13.     Gelet op wat hiervoor onder 10 en 11 is overwogen, is het beroep van de stichting en het bewonerscollectief, voor zover het is gericht tegen het besluit van 12 januari 2021 tot wijziging van de Wnb-vergunning en -ontheffing, ongegrond.

14.     De rechtsgevolgen van het te vernietigen besluit van 18 december 2018, zoals gewijzigd bij besluit van 12 januari 2021, worden in stand gelaten, omdat uit de beoordeling van het college buiten het kader van het PAS om naar voren is gekomen dat het project vanwege stikstofdepositie niet zal leiden tot aantasting van de natuurlijke kenmerken van een Natura 2000-gebied, omdat die stikstofdepositie afneemt ten opzichte van de referentiesituatie.

Ontgrondingsvergunning

15.     Onder 16.3 en 18 van de tussenuitspraak is overwogen dat de ontgrondingsvergunning van 18 december 2018, voor zover dat betreft artikel 1.2 van de voorschriften, in strijd met het rechtszekerheidsbeginsel is verleend, omdat daar een verschrijving in staat die voor onduidelijkheid kan zorgen.
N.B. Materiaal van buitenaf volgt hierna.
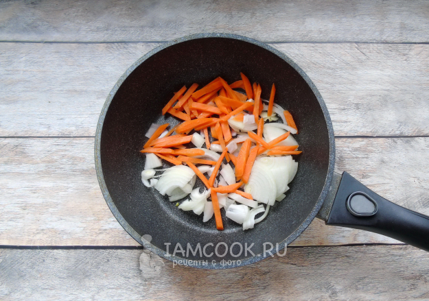 Морковь и репчатый лук очистите, помойте и нарежьте произвольно. Выложите в сковороду.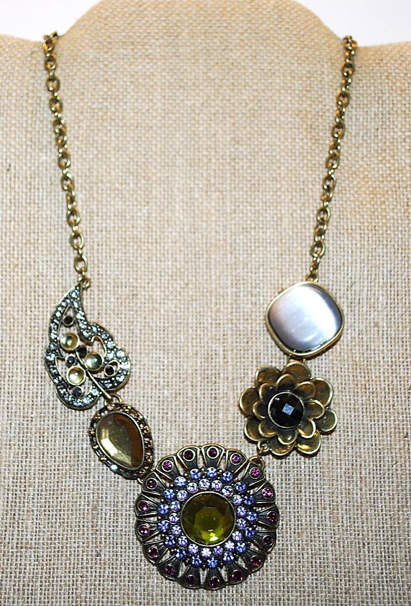Beautiful 5 "Piece" NECKLACE with Multi-Color Shapes, Stones, Flowers, Teardrops & Circles on a Gold Tone Chain and Lobster Clasp 18" L

Het beroep van de stichting en het bewonerscollectief, voor zover het is gericht tegen de ontgrondingsvergunning van 18 december 2018, is gegrond, zodat dat besluit in zoverre moet worden vernietigd. Zoals is aangekondigd in de tussenuitspraak, zal de Afdeling met toepassing van artikel 8:72, derde lid, aanhef en onder b, van de Awb zelf in de zaak voorzien door artikel 1.2 van de voorschriften aan te passen en bepalen dat deze uitspraak in de plaats treedt van dat besluit, voor zover het wordt vernietigd.

Proceskosten

16.     Het college moet de proceskosten vergoeden.

Beslissing

De Afdeling bestuursrechtspraak van de Raad van State:

I.        verklaart het beroep, voor zover dit is gericht tegen het besluit tot verlening van een ontgrondingsvergunning van 18 december 2018, kenmerk 2018/86928, gegrond;

II.       vernietigt dat besluit van het college van gedeputeerde staten van Limburg van 18 december 2018, kenmerk 2018/86928, voor zover dat betreft de passage "aan de noordwestrand van de groeve (bij de Noordplas)" in artikel 1.2 van de voorschriften;

III.      bepaalt dat in plaats van de vernietigde passage in artikel 1.2 van de voorschriften de volgende tekst komt: "aan de noordwestrand van de Noordplas";

IV.      bepaalt dat deze uitspraak in zoverre in de plaats treedt van het besluit, voor zover vernietigd;

V.       verklaart het beroep, voor zover dit is gericht tegen het besluit tot verlening van een Wnb-vergunning en -ontheffing van 18 december 2018, kenmerk 2018/87035, gegrond;

VI.      vernietigt dat besluit van het college van gedeputeerde staten van Limburg van 18 december 2018, kenmerk 2018/87035;

VII.     verklaart het beroep tegen het besluit van 12 januari 2021 tot wijziging van de Wnb-vergunning en -ontheffing, kenmerk 2018/87035, ongegrond;

VIII.    bepaalt dat de rechtsgevolgen van het besluit van 18 december 2018, kenmerk 2018/87035, zoals gewijzigd bij besluit van 12 januari 2021, geheel in stand blijven;

IX.      veroordeelt het college van gedeputeerde staten van Limburg tot vergoeding van bij Stichting Behoud Brunssummerheide en Bewonerscollectief BuurSibelco in verband met de behandeling van het beroep opgekomen proceskosten tot een bedrag van € 68,91, met dien verstande dat bij betaling van genoemd bedrag aan een van hen het bestuursorgaan aan zijn betalingsverplichting heeft voldaan;

X.       gelast dat het college van gedeputeerde staten van Limburg aan Stichting Behoud Brunssummerheide en Bewonerscollectief BuurSibelco het door hen voor de behandeling van het beroep betaalde griffierecht ten bedrage van € 345,00 vergoedt, met dien verstande dat bij betaling van genoemd bedrag aan een van hen het bestuursorgaan aan zijn betalingsverplichting heeft voldaan.

Aldus vastgesteld door mr. W.D.M. van Diepenbeek, voorzitter, en mr. E.J. Daalder en mr. B. Meijer, leden, in tegenwoordigheid van mr. J.J.M.A. Poppelaars, griffier.

De voorzitter is verhinderd de uitspraak te ondertekenen.

De griffier is verhinderd de uitspraak te ondertekenen.